A la fin de la mission, le Chef de Mission au Togo, Monsieur Marshall Mills, a fait la déclaration suivante à Lomé aujourd’hui :

«Le Togo a résolument poursuivi la mise en œuvre de son programme économique appuyé par la Facilité pour la Réduction de la Pauvreté et la Croissance en dépit des difficultés posées par la récession mondiale. Tous les objectifs budgétaires clés ont été atteints et d’importants progrès ont été réalisés dans la mise en œuvre des mesures structurelles du programme du gouvernement. Grâce à la discipline dans l’exécution budgétaire, le gouvernement a maintenu les finances publiques saines malgré les pressions économiques et a évité d’accumuler des arriérés intérieurs.

« La récession mondiale a eu un effet défavorable sur les perspectives à court terme de l’économie togolaise, de même que sur les perspectives des services commerciaux, des investissements directs étrangers et de certaines exportations. Par conséquent, la croissance pour l’économie se situerait à environ 2 ½ pourcent en 2009 et 2010. Ce taux de croissance est légèrement au dessus de celui de 2 pourcent observé en 2007 et 2008 caractérisant une timide reprise. Toutefois, le potentiel de croissance du Togo, estimé à 4 pourcent, n’est toujours pas atteint. Par ailleurs, le taux d’inflation a chuté grâce aux cours plus bas du pétrole sur le marché mondial et à une bonne production agricole interne.

« Grâce au renforcement de ses finances publiques, le Togo dispose maintenant d’un espace budgétaire pour mitiger l’impact de la récession mondiale. Un relâchement modéré de la politique budgétaire conviendrait s’il est temporaire, mesuré et consacré à des dépenses productives. Il permettrait de pallier les effets de la récession mondiale. L’augmentation des dépenses sera consacrée aux investissements dans les infrastructures, les secteurs sociaux, ainsi qu’à l’apurement d’un montant accru des arriérés intérieurs en liquide. Ces mesures sont incluses dans le budget de 2009 et dans le projet de budget 2010. Pour atteindre ces objectifs, les autorités ont renforcé leur capacité d’exécuter une augmentation des dépenses d’investissement.

« A moyen terme, l’engagement continu d’avoir des finances publiques saines et de poursuivre les reformes économiques demeure fondamental pour atteindre les objectifs d’une forte croissance et de réduction de la pauvreté.

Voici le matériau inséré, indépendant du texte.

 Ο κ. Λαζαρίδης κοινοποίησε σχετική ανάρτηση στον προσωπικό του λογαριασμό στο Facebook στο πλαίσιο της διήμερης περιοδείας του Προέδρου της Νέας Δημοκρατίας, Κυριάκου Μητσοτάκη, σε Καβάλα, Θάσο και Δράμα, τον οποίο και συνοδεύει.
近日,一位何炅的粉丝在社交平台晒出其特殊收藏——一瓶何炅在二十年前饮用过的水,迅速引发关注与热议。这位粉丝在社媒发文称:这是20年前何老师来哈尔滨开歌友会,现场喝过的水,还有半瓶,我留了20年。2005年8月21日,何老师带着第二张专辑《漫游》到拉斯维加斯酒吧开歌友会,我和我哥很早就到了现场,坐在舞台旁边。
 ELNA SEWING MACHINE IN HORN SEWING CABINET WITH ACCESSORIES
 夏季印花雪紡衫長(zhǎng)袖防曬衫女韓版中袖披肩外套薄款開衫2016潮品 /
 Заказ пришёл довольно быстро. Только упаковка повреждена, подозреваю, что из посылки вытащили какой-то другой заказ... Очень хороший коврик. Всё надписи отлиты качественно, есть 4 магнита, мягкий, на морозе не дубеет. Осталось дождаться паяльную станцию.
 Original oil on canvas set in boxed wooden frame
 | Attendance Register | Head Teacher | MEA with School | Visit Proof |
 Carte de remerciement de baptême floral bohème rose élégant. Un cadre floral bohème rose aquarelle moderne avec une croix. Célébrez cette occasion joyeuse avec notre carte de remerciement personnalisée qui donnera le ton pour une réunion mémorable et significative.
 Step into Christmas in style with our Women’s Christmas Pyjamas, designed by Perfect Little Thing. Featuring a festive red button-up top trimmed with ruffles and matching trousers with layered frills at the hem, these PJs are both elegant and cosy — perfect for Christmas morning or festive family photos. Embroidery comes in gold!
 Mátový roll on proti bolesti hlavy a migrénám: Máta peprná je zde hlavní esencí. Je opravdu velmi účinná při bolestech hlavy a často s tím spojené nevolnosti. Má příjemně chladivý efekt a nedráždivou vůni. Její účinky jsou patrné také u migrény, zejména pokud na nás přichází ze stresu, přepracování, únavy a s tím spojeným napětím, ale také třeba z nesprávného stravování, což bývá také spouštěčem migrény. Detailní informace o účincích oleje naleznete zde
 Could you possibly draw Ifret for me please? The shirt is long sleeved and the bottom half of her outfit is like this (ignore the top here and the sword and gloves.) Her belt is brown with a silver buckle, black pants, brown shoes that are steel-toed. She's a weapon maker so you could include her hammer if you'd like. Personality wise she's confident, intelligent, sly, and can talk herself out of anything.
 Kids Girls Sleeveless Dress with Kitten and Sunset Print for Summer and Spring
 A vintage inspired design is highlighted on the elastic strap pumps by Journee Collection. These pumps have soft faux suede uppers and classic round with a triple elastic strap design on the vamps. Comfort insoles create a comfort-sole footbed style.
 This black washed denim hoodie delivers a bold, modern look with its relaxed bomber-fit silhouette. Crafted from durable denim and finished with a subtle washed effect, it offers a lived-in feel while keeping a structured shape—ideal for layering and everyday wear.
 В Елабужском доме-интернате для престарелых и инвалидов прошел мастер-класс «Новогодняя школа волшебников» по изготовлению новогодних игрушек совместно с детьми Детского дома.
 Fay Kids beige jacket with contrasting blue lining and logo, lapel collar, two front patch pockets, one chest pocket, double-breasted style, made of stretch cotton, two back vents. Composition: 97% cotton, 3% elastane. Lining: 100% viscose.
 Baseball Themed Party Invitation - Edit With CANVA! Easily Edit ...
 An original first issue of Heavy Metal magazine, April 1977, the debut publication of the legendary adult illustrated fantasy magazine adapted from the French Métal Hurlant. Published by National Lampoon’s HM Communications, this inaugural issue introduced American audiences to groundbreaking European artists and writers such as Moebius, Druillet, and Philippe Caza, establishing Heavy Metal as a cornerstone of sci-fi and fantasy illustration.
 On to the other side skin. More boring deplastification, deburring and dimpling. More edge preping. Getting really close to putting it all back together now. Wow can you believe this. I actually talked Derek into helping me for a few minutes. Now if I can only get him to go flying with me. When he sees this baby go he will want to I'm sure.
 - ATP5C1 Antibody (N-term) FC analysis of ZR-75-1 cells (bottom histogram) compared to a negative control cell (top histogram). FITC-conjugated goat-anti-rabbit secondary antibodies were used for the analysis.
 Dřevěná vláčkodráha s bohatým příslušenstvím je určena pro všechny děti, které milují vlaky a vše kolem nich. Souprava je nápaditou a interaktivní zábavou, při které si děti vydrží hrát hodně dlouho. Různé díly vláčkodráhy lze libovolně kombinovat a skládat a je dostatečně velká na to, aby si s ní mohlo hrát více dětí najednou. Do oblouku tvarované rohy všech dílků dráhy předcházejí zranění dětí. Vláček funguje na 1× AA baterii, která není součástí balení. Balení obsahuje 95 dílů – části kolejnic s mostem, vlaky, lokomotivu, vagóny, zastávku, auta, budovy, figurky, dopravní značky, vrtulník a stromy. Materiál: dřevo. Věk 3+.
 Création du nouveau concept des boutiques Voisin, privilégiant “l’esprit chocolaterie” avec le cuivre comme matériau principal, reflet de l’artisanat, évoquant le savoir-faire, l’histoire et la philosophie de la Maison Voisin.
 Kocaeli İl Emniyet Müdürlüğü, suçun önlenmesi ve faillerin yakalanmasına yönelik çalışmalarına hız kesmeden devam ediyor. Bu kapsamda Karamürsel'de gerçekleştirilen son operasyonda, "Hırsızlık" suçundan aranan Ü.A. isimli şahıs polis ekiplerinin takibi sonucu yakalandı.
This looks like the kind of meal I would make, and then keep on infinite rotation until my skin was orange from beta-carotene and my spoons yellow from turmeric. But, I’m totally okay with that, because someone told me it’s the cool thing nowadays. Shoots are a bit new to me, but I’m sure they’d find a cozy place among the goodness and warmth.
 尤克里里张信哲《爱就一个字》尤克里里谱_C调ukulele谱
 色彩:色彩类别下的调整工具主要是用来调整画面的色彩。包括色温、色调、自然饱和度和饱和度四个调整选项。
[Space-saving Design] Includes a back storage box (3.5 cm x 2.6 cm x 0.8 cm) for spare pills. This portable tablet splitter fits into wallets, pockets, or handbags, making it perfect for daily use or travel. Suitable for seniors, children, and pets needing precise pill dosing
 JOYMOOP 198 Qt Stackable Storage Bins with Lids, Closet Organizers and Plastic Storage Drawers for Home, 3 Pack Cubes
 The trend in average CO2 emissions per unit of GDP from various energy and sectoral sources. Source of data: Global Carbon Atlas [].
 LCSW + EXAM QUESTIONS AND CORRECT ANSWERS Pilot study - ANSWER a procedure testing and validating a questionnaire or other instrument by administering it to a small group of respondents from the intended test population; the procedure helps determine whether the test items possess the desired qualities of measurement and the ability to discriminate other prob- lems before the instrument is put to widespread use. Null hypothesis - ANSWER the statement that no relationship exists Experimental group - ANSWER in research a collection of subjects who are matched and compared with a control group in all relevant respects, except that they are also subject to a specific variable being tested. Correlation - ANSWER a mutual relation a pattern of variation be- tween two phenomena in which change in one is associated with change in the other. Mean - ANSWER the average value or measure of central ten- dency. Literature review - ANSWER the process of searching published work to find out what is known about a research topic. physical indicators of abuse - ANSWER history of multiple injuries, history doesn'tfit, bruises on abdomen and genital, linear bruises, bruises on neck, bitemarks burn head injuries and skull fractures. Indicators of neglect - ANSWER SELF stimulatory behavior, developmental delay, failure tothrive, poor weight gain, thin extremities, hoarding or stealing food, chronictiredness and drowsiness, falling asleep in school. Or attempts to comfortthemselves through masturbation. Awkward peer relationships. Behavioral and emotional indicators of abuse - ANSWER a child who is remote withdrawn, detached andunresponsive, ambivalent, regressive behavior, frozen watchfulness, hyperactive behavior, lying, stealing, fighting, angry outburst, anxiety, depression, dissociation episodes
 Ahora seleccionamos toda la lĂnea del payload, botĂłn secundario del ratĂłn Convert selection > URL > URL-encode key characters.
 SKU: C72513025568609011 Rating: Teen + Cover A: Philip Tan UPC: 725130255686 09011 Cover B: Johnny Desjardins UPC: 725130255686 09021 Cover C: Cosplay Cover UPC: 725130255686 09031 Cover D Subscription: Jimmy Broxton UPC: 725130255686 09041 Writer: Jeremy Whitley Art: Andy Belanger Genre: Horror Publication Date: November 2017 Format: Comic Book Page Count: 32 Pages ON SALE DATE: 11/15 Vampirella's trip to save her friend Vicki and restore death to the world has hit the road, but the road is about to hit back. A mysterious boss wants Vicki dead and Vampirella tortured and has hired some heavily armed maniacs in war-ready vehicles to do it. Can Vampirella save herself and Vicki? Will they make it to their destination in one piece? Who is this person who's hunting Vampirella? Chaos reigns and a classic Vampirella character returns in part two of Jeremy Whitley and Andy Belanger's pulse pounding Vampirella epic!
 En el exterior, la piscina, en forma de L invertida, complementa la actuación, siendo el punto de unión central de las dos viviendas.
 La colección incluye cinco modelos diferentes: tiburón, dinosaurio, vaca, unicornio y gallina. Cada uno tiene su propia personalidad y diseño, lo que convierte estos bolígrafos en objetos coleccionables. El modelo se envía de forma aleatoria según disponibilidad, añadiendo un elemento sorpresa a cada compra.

La nécessité d’avoir une dette publique soutenable exige encore des restrictions après la stimulation budgétaire à court terme en 2010. Les dépenses publiques doivent continuer à se tourner vers les secteurs prioritaires (la santé, l’éducation, l’agriculture et les infrastructures) indiqués dans la stratégie de réduction de la pauvreté des autorités. L’engagement des autorités à compléter les reformes structurelles – dans les secteurs tels que les banques, le phosphate et les télécommunications- va aussi renforcer la croissance à moyen terme.

« Nous espérons que la troisième revue du programme FRPC sera discutée au Conseil d’Administration du FMI en décembre. La mission exprime sa gratitude aux autorités pour leur hospitalité et leur étroite collaboration.»


1 La FRPC est le guichet concessionnel du FMI pour les pays à faible revenu. Les programmes soutenus par cette facilité s’appuient sur une stratégie de réduction de la pauvreté formulée par le pays bénéficiaire. Cette stratégie, qui est adoptée au terme d’un processus de consultation auquel participent la société civile et les partenaires au développement, est énoncée dans le Document de stratégie pour la réduction de la pauvreté établi par le pays. Le but est de faire en sorte que les programmes appuyés par la FRPC soient conformes à un cadre global de politiques macroéconomiques, structurelles et sociales visant à stimuler la croissance et à réduire la pauvreté. Les prêts accordés au titre de la FRPC sont assortis d’un taux d’intérêt annuel de 0,5 % et sont remboursables sur dix ans, avec un différé d’amortissement de cinq ans et demi pour le principal.